Tuesday, January 08, 2008

Dear terrorists....

Hey guys! Gosh, has been almost a year already? I know, I know! But I've been real busy, as I'm sure you have been too. There's soooo much I want to talk to you guys about (did you see Top Model? OMG!), but I've got, like, no time. So here's a couple of things I think you guys would get a real bang out of 'cause they show how the decadent west deserves divine retribution or something! Check 'em out:

Associated Press assistant bureau chief: All things Britney now a "big deal"

Assholes who should probably get blown up.

That's all for now. We should totally catch up soon, tho'! Are you on Facebook?

TTYL

Wednesday, January 02, 2008

New Year, old complaints

Happy 2008. Here's some bile to get things started right.

This old-ish Sun article on privileged middle-class jackasses slumming it at Downtown Eastside bars pisses me off for a number of reasons. First, that there are kids who hope to achieve some cred by rubbing the hems of their $300 jeans against the grit of the underclass is not news. This type of class tourism has existed for as long as there have been privileged middle-class jackasses looking to temporarily escape their cloistered existence for a little bit of local colour. I'm glad to see that some of the people quoted recognize this, but I doubt that level of self-awareness is the norm. To wit:

Anna Zarzynfki, 22, comes regularly to this dance night at the Astoria. She says it's the low incomes of most of her young friends that is shaping the Hastings Street hipster scene.

"We're like the Mods of the year 2007," said Zarzynfki. "The reason we go to these dive bars isn't because it's a fad. It's because it's all we can afford. Economics always influences subcultures."

Mmhmm. I betcha $200 she learned that last bit at university. The real giveaway that it's not economics as much as elitism is the smugness and self-satisfaction that drips from these twats like a cocaine nosebleed:

"People are tired of going downtown where every club is the same," says Musgrave.

"It's just the same meatheads fighting the same guys and the same chicks that look like hookers."

In the DTES, it's all brawling crackheads and the chicks don't just look like hookers. Authenticity!
"I think a lot of people, myself included, are over downtown just because of the thugs-are-us mentality. There's an alternative needed."
Ah, well, how lucky for you to have that option.
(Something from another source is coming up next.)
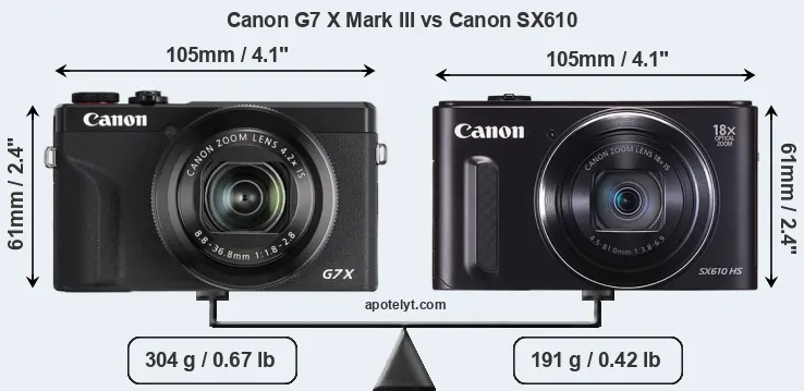 In this particular case, the Canon G7 X Mark III and the Canon SX610 have exactly the same width and height, and, thus, have identically-sized bodies. However, the SX610 is substantially lighter (37 percent) than the G7X Mark III. In this context, it is worth noting that neither the G7X Mark III nor the SX610 are weather-sealed.

I have to wonder, though, what the inevitable gentrification that will follow the migration of the Great Neon Hiptard will mean to those DTES denizens who don't have the luxury of picking their spots when a scene is declared "over."
"These are kids who are more intellectual in their musical tastes and are less inclined to mix downtown with the thugs from the suburbs," says Biltmore manager Richard Roloff, aka DJ Dickey Doo, on the phone from the Canary Islands, where he is working as a DJ.

Uh, Dick? Reading Pitchfork and downloading Daft Punk remixes does not an intellectual make. As for the suburbs remark, from whence do you think all the little spandex-clad faggorts who pay money to watch you press keys on your laptop came?

The new-school Biltmore is aimed at Emily Carr School of Art types, says Roloff. "These are people who don't want to hear Beyonce."

Well, they do, but they don't really mean it. Look, dude, let's not pretend that there's some fundamental difference between the budding conceptual artist from West Van looking to get wasted and laid in some East Hastings bar and the frat boy engineering student looking to do the same on Granville. And no, having a photoblog is not a fundamental difference. To paraphrase Gunnery Sergeant Hartman: "You are all equally worthless." (As an aside, I do find it amusing that these hipsters have such disdain for the thug life, given how many of these 90 pound weaklings adopt the trappings thereof: gang signs, bling, shitty hip-hop, etc. Oh, I forgot: it's okay when it's ironic.)

And finally, the swirly tip on this turd sundae:
DJ Turkington lives in a cheap (for Vancouver) apartment in nearby Strathcona. He's done two years of liberal arts courses at Douglas College. He serves food at a restaurant and sells clothes at American Apparel.
Its like the a c.v. of someone applying for the job of "ridiculous asshole."